Since the formula is part of a sentence, a point should grammatically terminate

the sentence. If you do not want a '.' after a formula, just rephrase in a way

that the formula does not appear at the end of the sentence. That's what I would do.

- End of page 4: "[0,|C_k|-1]" --> "[0,|C_k^{\sigma}|-1]" ?

- Page 5: notation "K(l,r)" hasn't been properly introduced. I guess "l" is a row index

and "r" is a column index into the table K.

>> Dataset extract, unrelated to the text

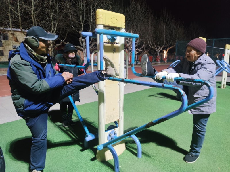 這是在3月2日晚上七點(diǎn)多,在淮海職工休閑體育運(yùn)動(dòng)廣場(chǎng)上,健身達(dá)人周少彪與一位老人進(jìn)行對(duì)話時(shí)的鏡頭。

Also T_{\sigma-1}...T_1 do not seem to have been introduce (but perhaps I missed the

point where they have!).

- Section 4.1: "|K_{16}^4|" and "|R_{16}^4|" should be "|K_{15}^4|" and "|R_{15}^4|"

since k=15?

The paper proposes to create a function named enc_c able to map a sequence of size k from an arbitrary alphabet of size A, to 1/2(A^k + A^(ceil(k/2)). The function is bijective. The size of the encoding is lower than A^k as enc_c has encodes only canonical kmers (when adapted to DNA-like alphabets taking into account the complement of characters, the function is called enc_c^r)

A simple implementation is available on GitLab: https://gitlab.ub.uni-bielefeld.de/gi/mphfcan/. The code is perfectly clear and the README file provides the necessary information

Despite the paper could be improved with more examples or figures, it is globally easy to follow and understand. Nevertheless, I'd say that formalism may appear a bit heavy.

A major advantage offered by this approach is that it offers a uniform distribution of canonical kmer encoding, while this is not the case when considering the usually applied canonical definition based on alphabetic order (in which kmers starting by AAA are much more often canonical than those starting by TTT for instance.)

I've several major remarks, and major questions, that make me uncomfortable to accept this work to be published in PCI.

**Terminology**.

The title and the whole text use the term "MPHF". I agree that enc_c and enc_c^r are technically speaking MPHFs. However, they can apply only on a full universe of ALL words of fixed size k on a given alphabet. SO the encodable set is of size A^k. This is not possible to encode a set of say a million kmers of size 31 on the ACGT alphabet (for instance).

This does not devaluates the work, but I really think that you should modify the name that can lead disappointed readers to stop the reading at the end of the abstract.

I may suggest something as "general kmer encoding".

**Concrete usage.**

Certainly I missed something. I tried to imagine practical use cases in which enc_c[^r] would be beneficial, but I failed.

In practice (on DNA alphabet), when I want to MPHF a set of kmers I use the following steps: 1/ transform canonical (based on lexicographic order) ASCII kmer to binary kmers using the "enc" function you describe in the manuscript, 2/ create an MPHF on the encoded set. Note that during step 1, the distribution of kmers is uneven as much canonical kmers will appear in the "smaller binary values", but this has no impact on the MPHF construction in 2.

Using enc_c, step 1 would generate uniform distribution of binary values (on a smaller space, roughly of size 1/2A^k) but finally the final step would ends up with the same result.

**Evaluation**

The evaluation somehow reflects the previous remark. The only result is about the distribution of encoded kmers to 16 buckets. Why 16? And, more importantly, I'd be nice to also compare with any bijective hash function (such as reversible xorshift hash function for instance provided by Heng Li https://github.com/lh3/bfc/blob/master/kmer.h).

So what are the concrete advantages ? Sorry if I missed this, but the message is not clear to me.

**More minor remarks**

* Fig1: you may give a few named squares (eg first one is AAAAA, last one from first line is AAATTA if I'm correct, ...)

* Some definitions are generic while the differ when applied to completed sequences or not (eg canonical kmer definition in the preliminaries, number of palindromes, ...)

* C_k (end of page 4 undefined)

* Preliminaries: precise that sequences start at index 1 on your framework

* Page 5: avoid using the name 'K' for the function rank as this notation is already used.

* I did not understand the triangle numbers from which K is "derived" -> also what do you exactly mean by "derived"?

* Did you implement the rolling approach you propose for computing enc_c^r of successive kmers on DNA sequences?